-- What is needed --
Transcribe the listing below exactly, without pictures.

(Records shown)

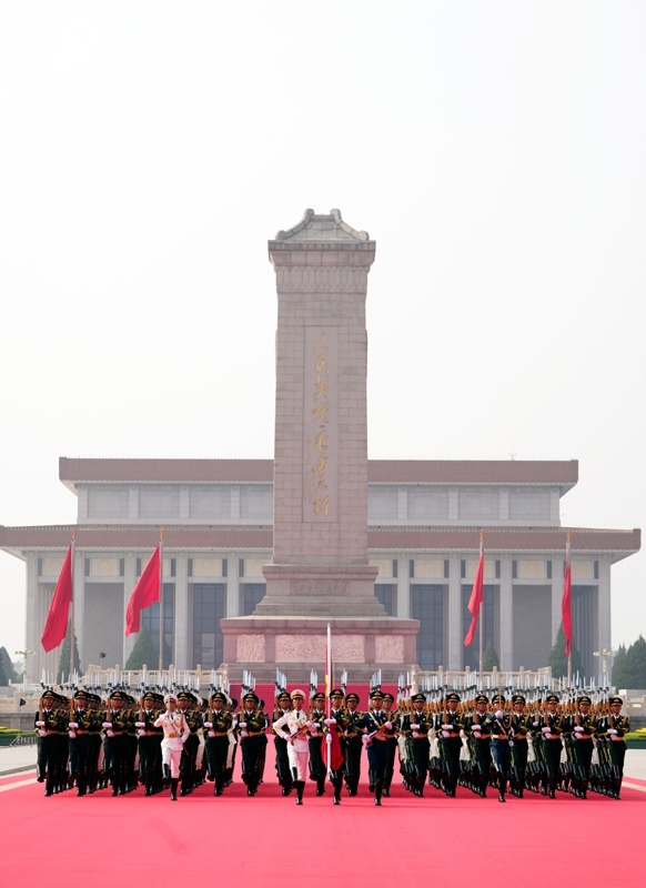 9月3日,紀(jì)念中國(guó)人民抗日戰(zhàn)爭(zhēng)暨世界反法西斯戰(zhàn)爭(zhēng)勝利80周年大會(huì)在北京隆重舉行。這是國(guó)旗護(hù)衛(wèi)隊(duì)從人民英雄紀(jì)念碑基座出發(fā),走向旗桿基座。
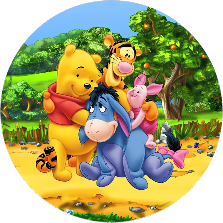Yenilebilir Yuvarlak Pasta Resim Baskısı 20 cm Şekerli Kağıt Winnie The Pooh Temalı 08
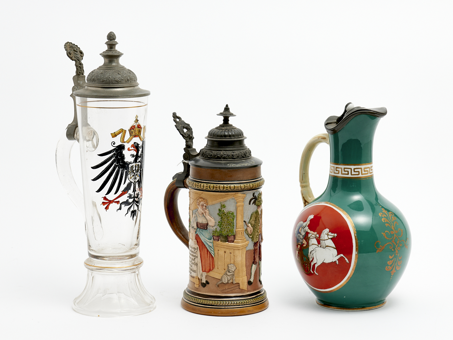 TWO GERMAN PEWTER LIDDED STEINS TOGETHER WITH A PRATT LIDDED JUG, H.32CM (TALLEST) LEONARD JOEL DELIVERY SIZE: SMALL
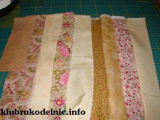 1. Сошьем полоски ткани по 2 штуки. Получится три полоски из сшитых по паре. Из двух этих сшитых полосок отрежем 51,5 см и сошьем друг с другом. Получится деталь из четырех полос размером 51,5 х 21,5 см.
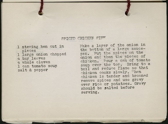 Make a layer of the onion in the bottom of a large saucepan. Put the spices on the onion and then the pieces of chicken. Pour a can of tomato soup over the top. Bring to a boil and reduce flame so that chicken cooks slowly. When chicken is tender and browned remove spices and use gravy over rice or potatoes. Gravy should be salted before serving.
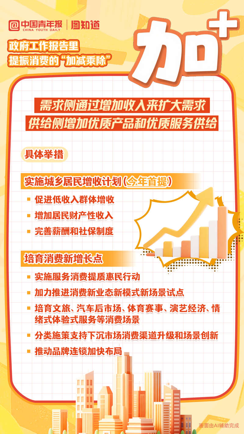 中国青年报客户端 | 2026-03-06 16:33今年的《政府工作报告》提出,要通过激发居民消费内生动力和促消费政策并举来提振消费。《政府工作报告》已经连续两年把扩大内需放在工作任务的第一条,特别是把“实施提振消费专项行动”摆在突出的位置。3月5日,在解读2026年《政府工作报告》的吹风会上,《政府工作报告》起草组负责人、国务院研究室主任沈丹阳用“加、减、乘、除”形象回答如何根本上解决“供强需弱”的问题。
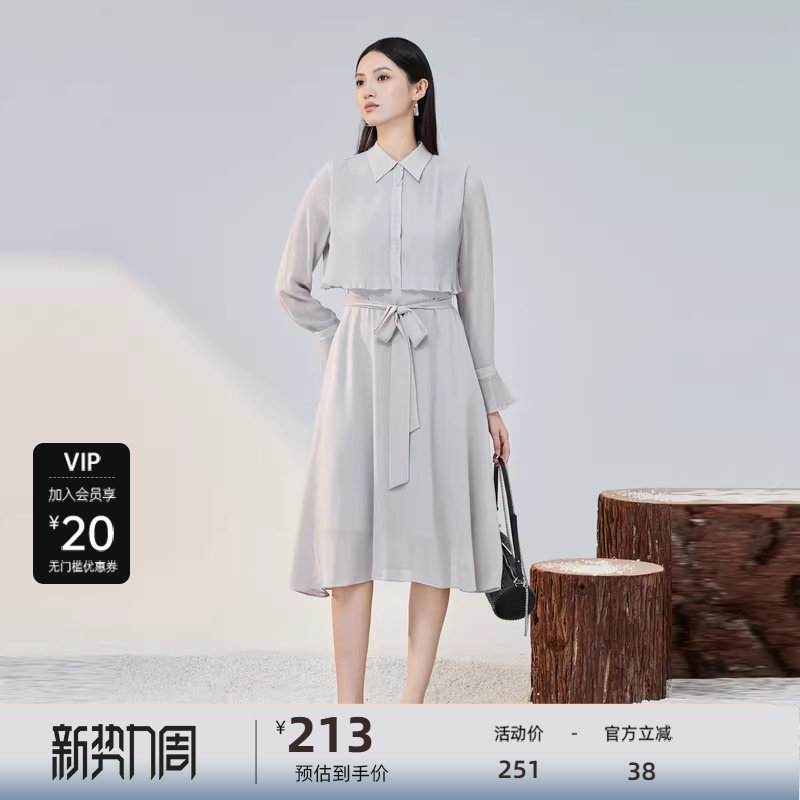 sdeer圣迪奥女装秋风琴褶收腰雪纺衬衫连衣裙S223Z123L
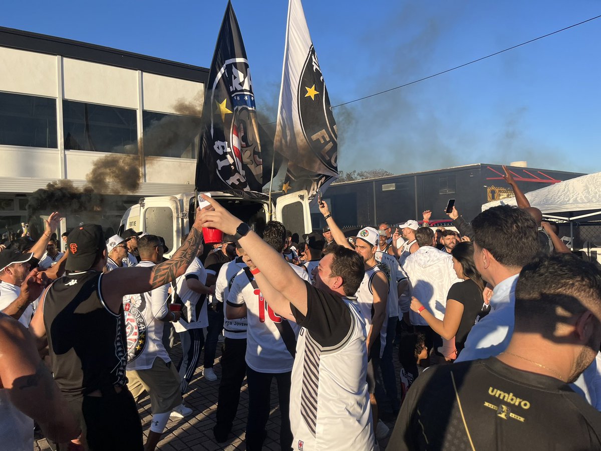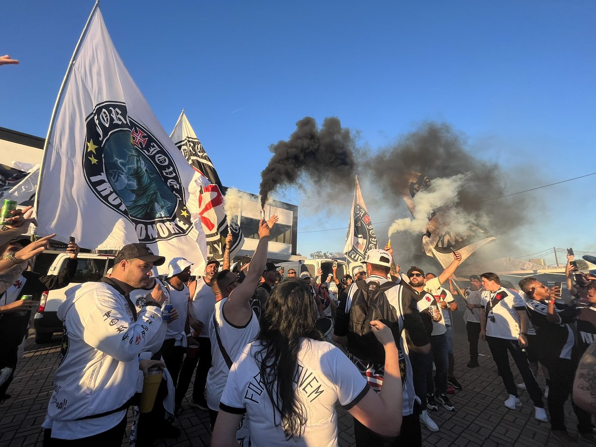 Torcedores do Vasco vieram de várias partes dos EUA para assistirem ao jogo. Há concentração com direito a bandeiras, cantos, churrasco e cerveja. O Brasil respira. #gevas
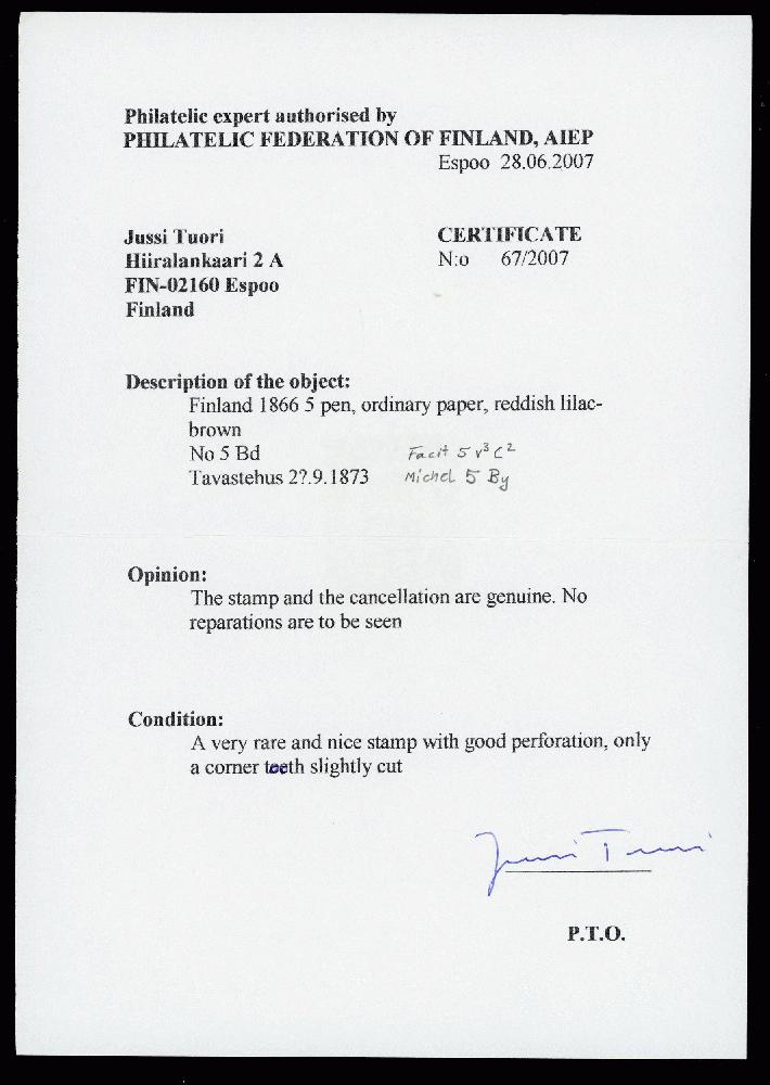 | Zusatzinformationen und Suchstichworte: | Klüttermann - 6. Auktion 27. Juli - 4. August 2023 Los 10699 Finnland 5 Penni braunlila auf gewöhnlichem Papier Durchstich B mit allen Zungen und sauberem K1 TAVASTEHUS 1873, eine extrem seltene Marke mit FA Tuori und Attest Ossa (unten sog. durchstochen wie typisch bei dieser Marke.., die Marke ist besonders gut wie im Attest geschildert", nur ein Eckzahn ist unmerklich verkürzt (lt. Ossa ohne Bedeutung) , ein Top Stück dieser Rarität, fehlend in nahezu allen Sammlungen Katalogwert: 7000 Ausruf 2.000,00 EUR |

(End Records shown)

-- Solution --
 9月3日,紀(jì)念中國(guó)人民抗日戰(zhàn)爭(zhēng)暨世界反法西斯戰(zhàn)爭(zhēng)勝利80周年大會(huì)在北京隆重舉行。這是國(guó)旗護(hù)衛(wèi)隊(duì)從人民英雄紀(jì)念碑基座出發(fā),走向旗桿基座。
Yenilebilir Yuvarlak Pasta Resim Baskısı 20 cm Şekerli Kağıt Winnie The Pooh Temalı 08
 TWO GERMAN PEWTER LIDDED STEINS TOGETHER WITH A PRATT LIDDED JUG, H.32CM (TALLEST) LEONARD JOEL DELIVERY SIZE: SMALL
 1. Сошьем полоски ткани по 2 штуки. Получится три полоски из сшитых по паре. Из двух этих сшитых полосок отрежем 51,5 см и сошьем друг с другом. Получится деталь из четырех полос размером 51,5 х 21,5 см.
 Make a layer of the onion in the bottom of a large saucepan. Put the spices on the onion and then the pieces of chicken. Pour a can of tomato soup over the top. Bring to a boil and reduce flame so that chicken cooks slowly. When chicken is tender and browned remove spices and use gravy over rice or potatoes. Gravy should be salted before serving.
 中国青年报客户端 | 2026-03-06 16:33今年的《政府工作报告》提出,要通过激发居民消费内生动力和促消费政策并举来提振消费。《政府工作报告》已经连续两年把扩大内需放在工作任务的第一条,特别是把“实施提振消费专项行动”摆在突出的位置。3月5日,在解读2026年《政府工作报告》的吹风会上,《政府工作报告》起草组负责人、国务院研究室主任沈丹阳用“加、减、乘、除”形象回答如何根本上解决“供强需弱”的问题。
 sdeer圣迪奥女装秋风琴褶收腰雪纺衬衫连衣裙S223Z123L
 Torcedores do Vasco vieram de várias partes dos EUA para assistirem ao jogo. Há concentração com direito a bandeiras, cantos, churrasco e cerveja. O Brasil respira. #gevas
 | Zusatzinformationen und Suchstichworte: | Klüttermann - 6. Auktion 27. Juli - 4. August 2023 Los 10699 Finnland 5 Penni braunlila auf gewöhnlichem Papier Durchstich B mit allen Zungen und sauberem K1 TAVASTEHUS 1873, eine extrem seltene Marke mit FA Tuori und Attest Ossa (unten sog. durchstochen wie typisch bei dieser Marke.., die Marke ist besonders gut wie im Attest geschildert", nur ein Eckzahn ist unmerklich verkürzt (lt. Ossa ohne Bedeutung) , ein Top Stück dieser Rarität, fehlend in nahezu allen Sammlungen Katalogwert: 7000 Ausruf 2.000,00 EUR |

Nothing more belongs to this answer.